産経新聞 2022/2/16
北京冬季五輪が開催される中、中国によるウイグル人への深刻な人権侵害について市民の理解を深めてもらおうと、日本ウイグル協会(東京都)の関係者らが16日、千葉市中央図書館(同市中央区)を訪れ、現地での実態を告発する書籍を市に寄贈した。今年度中に市内の図書館や公民館などに並ぶ見通しで、同協会の于田(うだ)ケリム会長は「できるだけ多くの方々の応援をいただきたい」と話した。
寄贈された書籍は、清水ともみ著『私の身に起きたこと とあるウイグル人女性の証言』(季節社)。ウイグル人の証言に基づき、中国による弾圧を告発するノンフィクション漫画で、子供でも読みやすい内容となっている。計33冊が贈られた。
市教委によると、市の図書館は分館を含めて15カ所、公民館の図書室が21カ所ある。
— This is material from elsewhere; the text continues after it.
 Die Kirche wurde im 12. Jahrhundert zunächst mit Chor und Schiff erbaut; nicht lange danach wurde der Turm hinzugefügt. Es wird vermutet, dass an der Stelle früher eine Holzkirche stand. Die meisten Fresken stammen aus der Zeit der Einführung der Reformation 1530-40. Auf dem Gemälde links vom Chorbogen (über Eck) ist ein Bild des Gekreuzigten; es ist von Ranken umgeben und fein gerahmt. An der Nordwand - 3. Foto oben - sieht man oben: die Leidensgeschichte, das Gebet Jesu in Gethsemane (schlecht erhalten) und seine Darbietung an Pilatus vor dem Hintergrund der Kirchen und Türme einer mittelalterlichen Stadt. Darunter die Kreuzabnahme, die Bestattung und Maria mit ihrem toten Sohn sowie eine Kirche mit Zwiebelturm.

このうち既に所蔵されている3カ所以外の33カ所に、本を保護するための処置を済ませた上で、それぞれ配架される。
寄贈式には、いずれも県内在住の于田氏と同協会副会長のハリマト・ローズ氏のほか、同市議会自由民主党・無所属の会所属の桜井崇、伊藤隆広両氏が同席。
于田氏は「日本のメディアもウイグルのことを報じているが、まだ何が起きたか分かっていない人も多い」と図書館側の対応に感謝の意を表した。
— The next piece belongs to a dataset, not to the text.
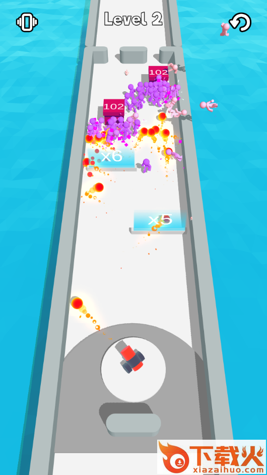 玩家要控制上方的道具,然后瞄准下面的人群进行投掷,阻止它们的前进。当小人数量越来越少,意味着你游戏即将胜利。游戏中有很多关卡可以去挑战,玩起来十分有趣。

これに対し、市教委中央図書館情報資料課の山崎克彦課長は、「図書館は国民の知る拠点としての役割を持つ。いろいろな視点の本を置かせていただき、市民の方に公平な目で見てもらう意味で寄贈を受けた」と応じた。
同市議会は昨年6月、ウイグル人などの自由や基本的人権の尊重、法の支配などの保障を求める意見書を賛成多数で可決。ただ、最大会派の自民党と公明党は反対した。